The Big Draw of a GPS Run – NYTimes.com.
I have been plotting maps of my travels on Picasa Web using the geotagged photos from my Nikon Coolpix P6000 and geotags that I added to pictures I took with other cameras.
For example, here is a map of a walk I took around Benchasiri Park in Bangkok.

There’s a lake in the middle of the park but the Google Map does not show it.
I never thought of planning a route as a piece of art and then “drawing” it with my pictures such as is described in this article. It’s a nice idea, although I’d probably end up under a tuk-tuk or falling into a canal as I tried to follow my planned route precisely.
I looked at the site EveryTrail that is mentioned in the article. I was thinking of plotting my trip from Bangkok to Mahachai, Samut Prakan by train. I noted that they only have one Thailand train trip in their library. Wow, something new I can play with!
However …
EveryTrail’s assumption is that you have a tracklog file produced by a portable GPS unit. I don’t know the details but I think it is fundamentally a text file that includes a date / time and a lat/long pair.
With EveryTrail you import the tracklog and they plot it on a map for you. Then you can add photos later.
But I don’t have a tracklog, I just have the geotagged photos. Thus it’s hard for me to use EveryTrail. They give users a third option of plotting the route by hand, but where’s the fun in that?
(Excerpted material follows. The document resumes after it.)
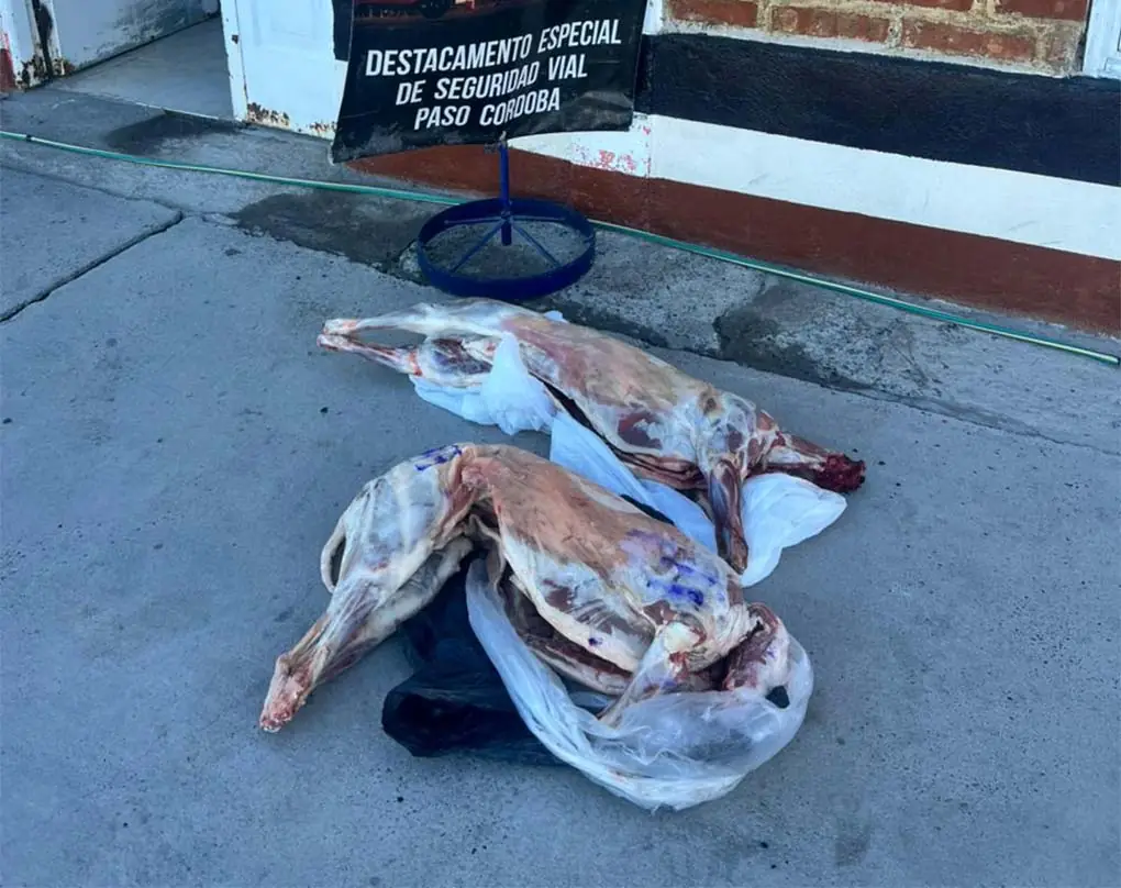 Uno de los procedimientos se desarrolló en el sector de Paso Córdoba, donde efectivos policiales detuvieron la marcha de un vehículo Toyota Hiace, color blanco, que se desplazaba desde Los Menucos hacia General Roca. Al identificar al conductor, un hombre de 48 años, se constató que transportaba debajo de los asientos dos ovinos faenados, sin cadena de frío ni documentación que acreditara su procedencia.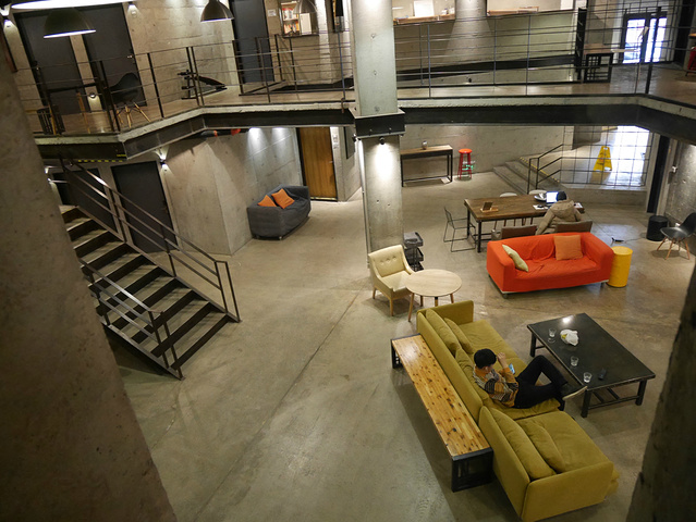 安静大气是对他的最初印象,大厅很宽敞,装修风格有些工业风,被同伴定义为简陋,我却喜欢的不得了。墙面与地面颜色比较深沉,水泥色,点缀了亮丽的沙发或者沙发靠背,依旧觉得想要沉静下来。

It would be great if the Nikon Coolpix P6000 produced a tracklog. It only tells you where you are when you take a picture. GPS units produce tracklog entries continuously. That’s how the PhotoTrakr works.
Now, if the Nikon Coolpix P6000 was an open system, perhaps running Android, then I could get an app that enhances the camera’s functionality. But no, the Nikon is a closed system so that isn’t an option. Annoying.
The other approach is to make a tracklog from a set of geotagged photos in Lightroom.
I can use the LR/Transporter addin to process a set of files and write a summary file with the GPS information. It does not understand Jeff Friedl’s shadow GPS data, but it’s an Export plugin. Thus I can use Jeff’s “GPS Injector” to put the data into the file for LR/Transporter to extract.
Then I have to use a couple of utilities to get the file into a format that EveryTrail understands. I am experimenting with a utility called “GPS Utility” that will read a CSV file and export a file in GPX interchange format.
Then I can import that to EveryTrail and Bob’s your uncle!